第11章(第2/3页)

    夤夜寂寂,唯有规律的捣药声轻响。

    等江芙诗终于将最后一份药粉分装好,已经是后半夜了。

    她站起身把窗户推开,迎面而来的秋风带着凉意,吹散了她鬓角的汗湿和满室的药味。

    就在一窗之隔的浓郁夜色里,湛霄抱剑立于窗外的阴影之中,两人的距离不过数尺之遥,呼吸可闻。

    公主府万籁俱寂。

    江芙诗倚靠在雕花窗沿,眺望天边那一轮孤寂的清冷,露出鲜为人知的疲惫与茫然。
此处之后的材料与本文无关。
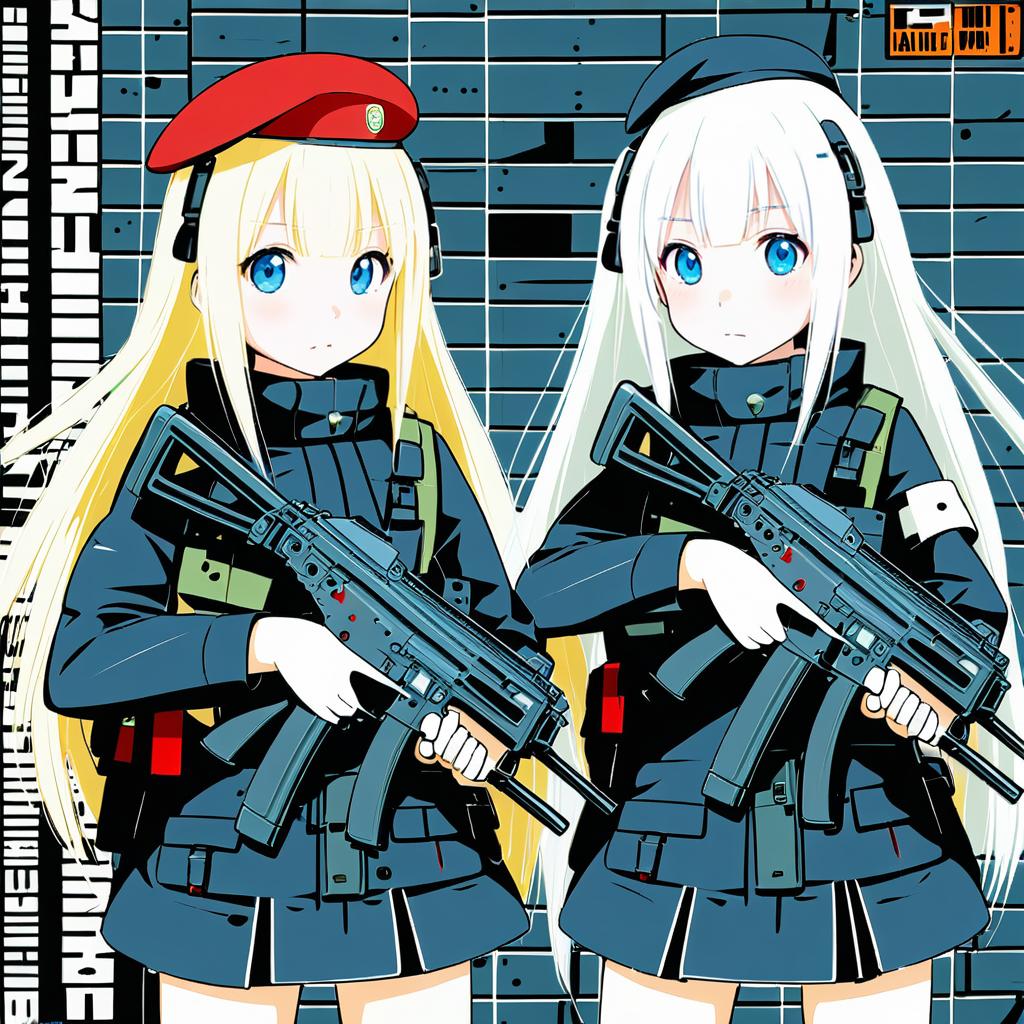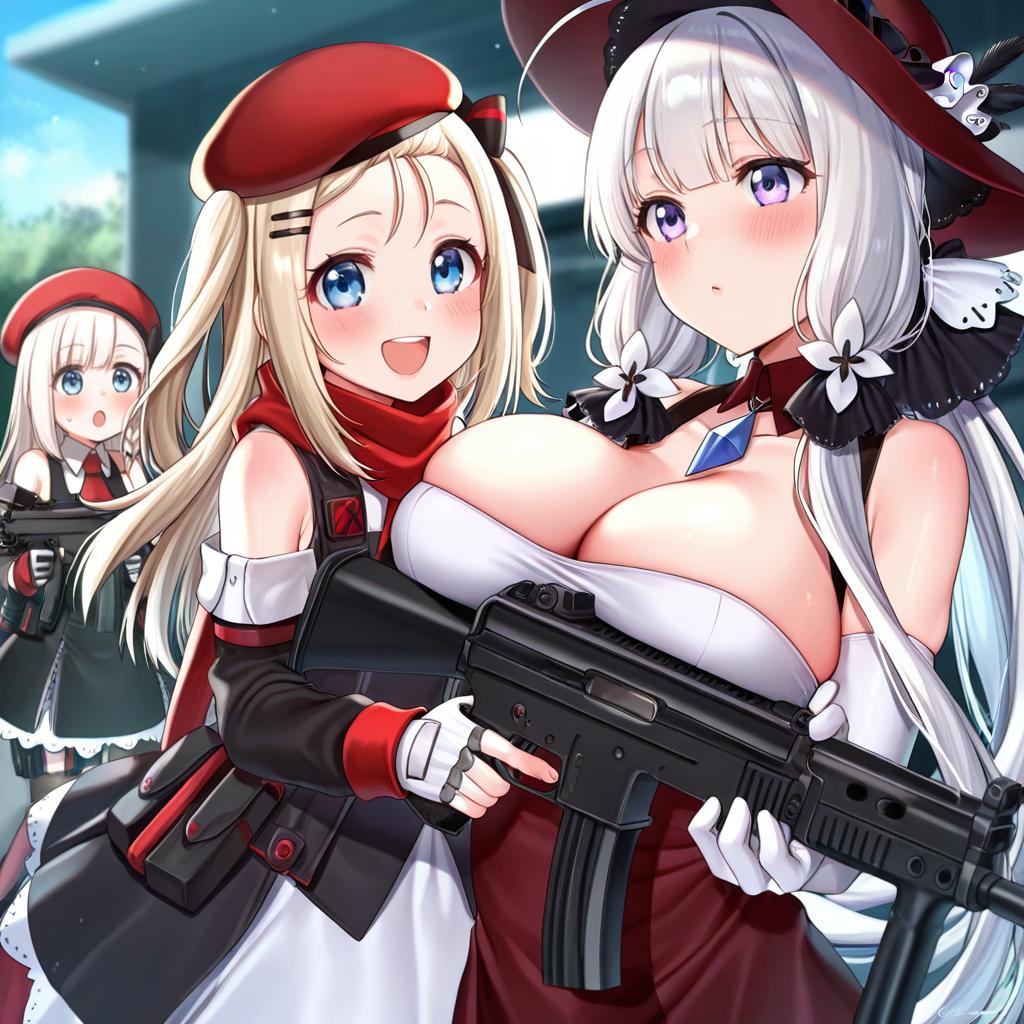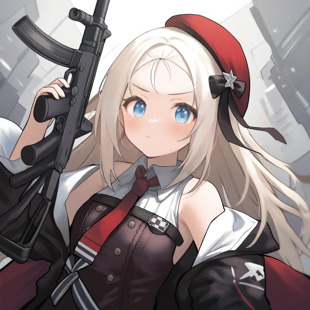 Mp5 (girls' frontline), girls' frontline, 1girl, blue eyes, long hair, white hair, blonde hair, red headwear, submachine gun, beret, h&k mp5, by artist ogawa shou, anime
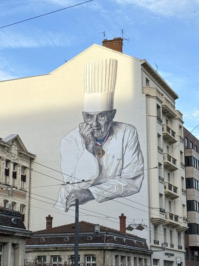 Un bellissimo murales che raffigura Paul Bocuse col cappello da cuoco, ci accoglie proprio di fronte all’ingresso del mercato, che offre una vastissima scelta di prodotti regionali, oltre a piccoli locali dove consumare pesce e frutti di mare accompagnati da un buon vino, oppure assortimenti di salumi e formaggi, dolci e altre specialità.
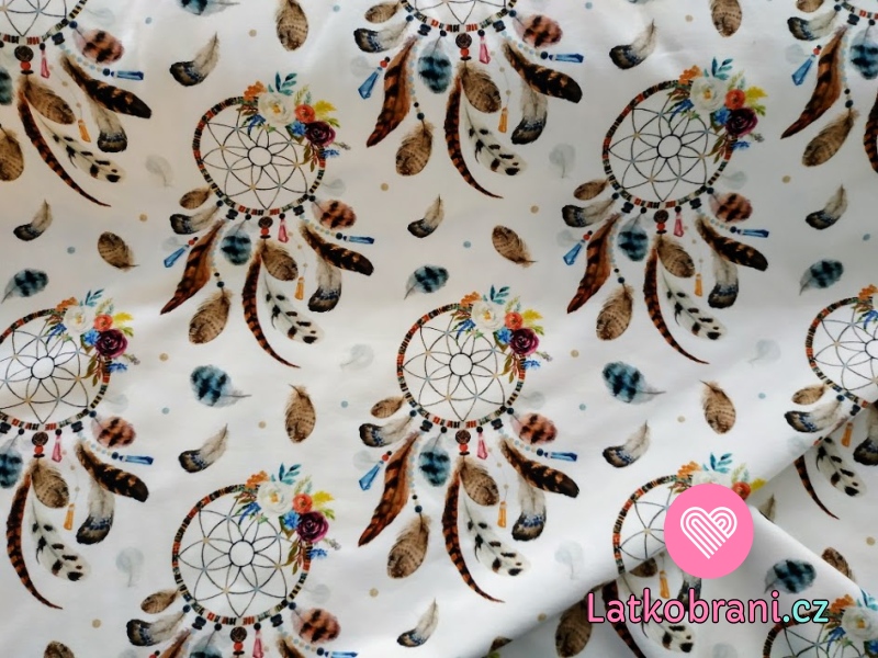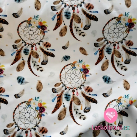 Teplákovina potisk lapače snů mezi květinami a peříčky na smetanové
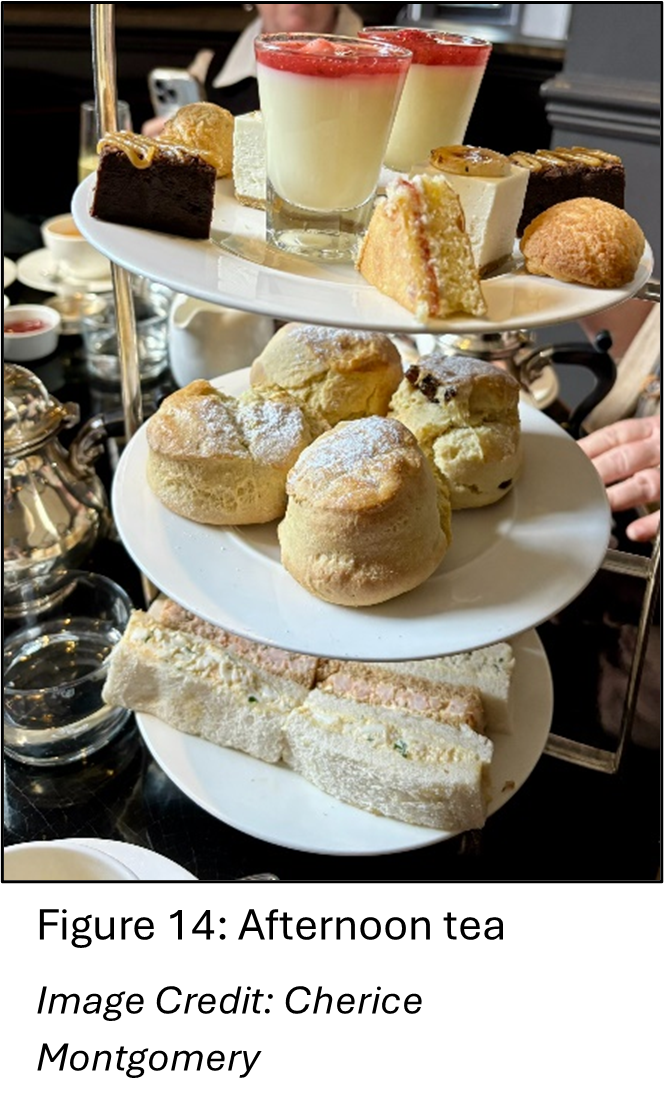 In literature, afternoon tea is often portrayed as a quaint social activity that connotes propriety and sophistication. The UK’s affinity for it only makes sense after one has personally experienced the nation’s perpetual rain (Figure 12), pervasive dampness, and the chilly discomfort of stone buildings that pre-date the 16th century. Far more than just a charming cultural custom, drinking tea is a logical response to the daily realities of life there (Figures 13-14). During the Mad Hatter’s tea party in Alice’s Adventures in Wonderland (Figure 15), Lewis Carroll satirizes this and other well-established cultural customs (e.g., personal space, courtesy, indirect communication, and punctuality) to demonstrate the irrationality of relying on social convention to evaluate the quality of one’s life or the degree of one’s sanity.
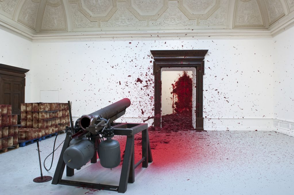 Ahora, si de sorpresas se trata en Disparando en la esquina (2008-2009), vemos a un Kapoor que propone una obra cargada de simbolismos, donde tenemos este cañón como un elemento fálico que dispara balas de once kilos de cera roja símbolo de la sangre y la tierra hacia una esquina sufriente que no es otra cosa que la figura femenina que evoca la vulneración y la violencia ejercida, no sólo por siglos, sino por algo que está sucediendo en vivo, ante un grupo de impávidos testigos que son prontamente remecidos por la injusta descarga.
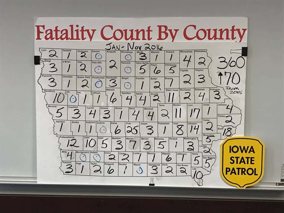 Traffic fatalities by county as of December 2nd. Photo from Iowa State Patrol.
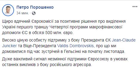 Президент Украины Петр Порошенко сообщил, что Европейская комиссия приняла положительное решение о выделении Украине первого транша четвертой программы макрофинансовой помощи ЕС в объеме 500 млн евро. Об этом Порошенко написал на своей странице в Facebook в пятницу днем.
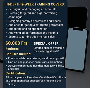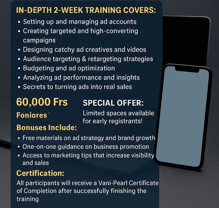 At Vani-Pearl, weβll teach you how to professionally run and manage ads on all social media platforms β including Facebook, Instagram, TikTok, YouTube, and Google β all from your smartphone or laptop.
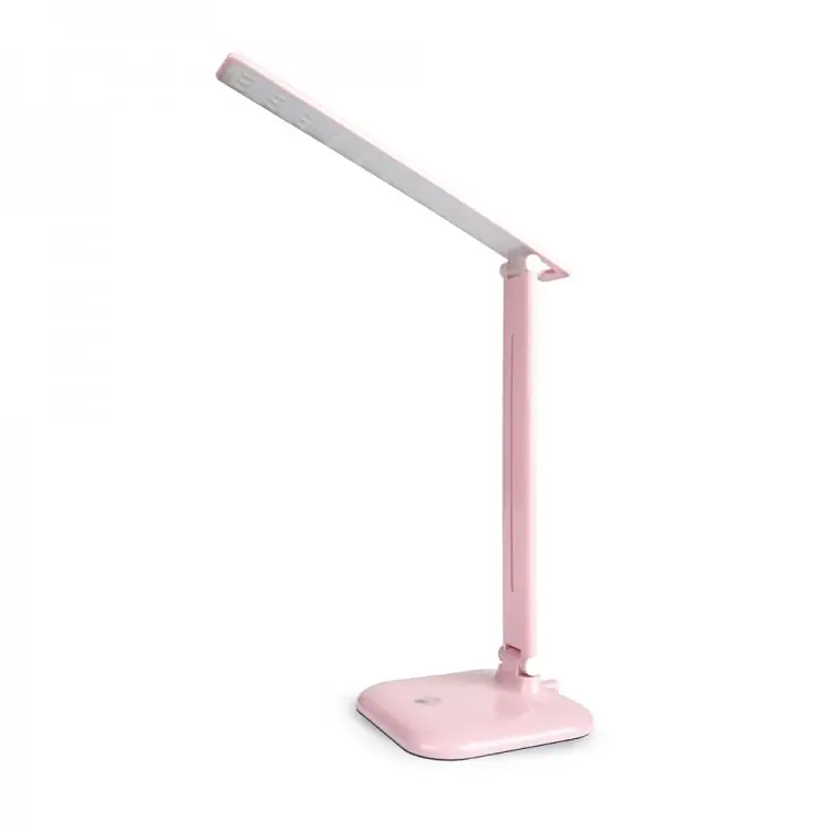 Світильник оснащений світлодіодом із колірною температурою 6500K (холодне світло), що забезпечує світловий потік 550 лм і високий індекс кольоропередачі Ra≥80 для реалістичного відображення кольорів, комфортного і безпечного для очей освітлення. Сенсорний перемикач рівня яскравості, розташований на основі, дозволяє плавно регулювати яскравість, роблячи світильник придатним для навчання, роботи, відпочинку або використання як нічник. Складний корпус дає змогу легко змінювати напрямок і кут світла, а в складеному вигляді світильник займає мінімум місця. Корпус і розсіювач виготовлені з міцного пластику, що забезпечує довговічність (ресурс роботи 25 000 годин). Модель економить до 80% електроенергії завдяки світлодіодній технології. Розміри світильника – 360×150×150 мм, ступінь захисту IP20 робить його придатним для використання в сухих приміщеннях. Мережевий шнур довжиною 1.5 м входить до комплекту. Модель доступна в чотирьох кольорах: білий, чорний, блакитний і рожевий, а також у двох колірних температурах: 4000K і 6400K. Перед використанням перевірте цілісність світильника та сумісність із електромережею 230 В.
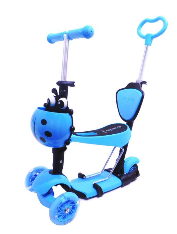 Самокат 3 в 1 для самых маленький c родительской ручкой. Использование от 1 года. Может использоваться как каталка,беговел,самокат. В комплекте сидение, Т-образный руль,корзинка, родительская ручка, дополнительная поддержка сидения. Регулируемая высота сидения, регилируемый руль, колеса светятся
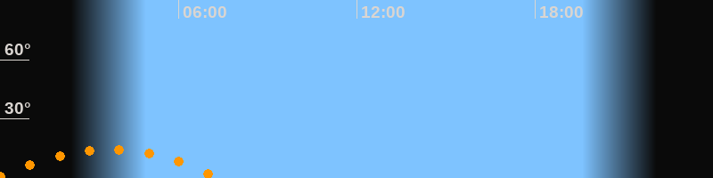 | Untergang | 07:25 Uhr im Südwesten (αAz = 229,6°) |

    身处天家,身不由己,在人前,她细心维护自己柔弱顺从、体弱多病的一面,极少显露出真实的情绪。

    而现在,天地寂静,彷佛只有她一个人。

    江芙诗从衣架上随意拿了一件衣服,推开寝殿大门,迈步走入庭园。

    她漫无目的地在青石小径上缓缓踱步,夜露浸湿了她的绣鞋尖,秋夜寒冽的空气,带来了自由的味道。

    她有多久没这样随心所欲了?

    一年?两年?

    不,六年了。

    她在这金丝牢笼般的皇城,小心翼翼地活了六年。

    在这处处是危机,步步是陷阱的地方,戴着面具苟延残喘。

    有时候她会忍不住想,如果当年没有被寻回,自己会是怎么一副光景?

    也许能跟着养父悬壶济世,做一个自由自在的游方郎中,清贫却畅快。

    意识到思绪飘得太远,奢望皆是虚妄,江芙诗唇角牵起一抹苦涩的自嘲。

    想起儿时,母妃给她哼的轻柔小调,江芙诗轻轻旋身,舒展手臂,依稀有记忆中的旋律,跳起无声独舞。

    宽大的寝衣袖口因她的动作滑落,露出白皙手臂。

    “啪——”

    一道清脆的玉石磕碰声响起。

    湛霄眸光一凛,右手瞬间绷紧,正要拔剑,才发现是公主的玉簪松脱,掉在了地上。

    弯腰捡起簪子,江芙诗缓缓直起身,正欲重新绾发时,一阵疾风掠过树梢,一支被风吹断的枯枝直直朝着她坠下!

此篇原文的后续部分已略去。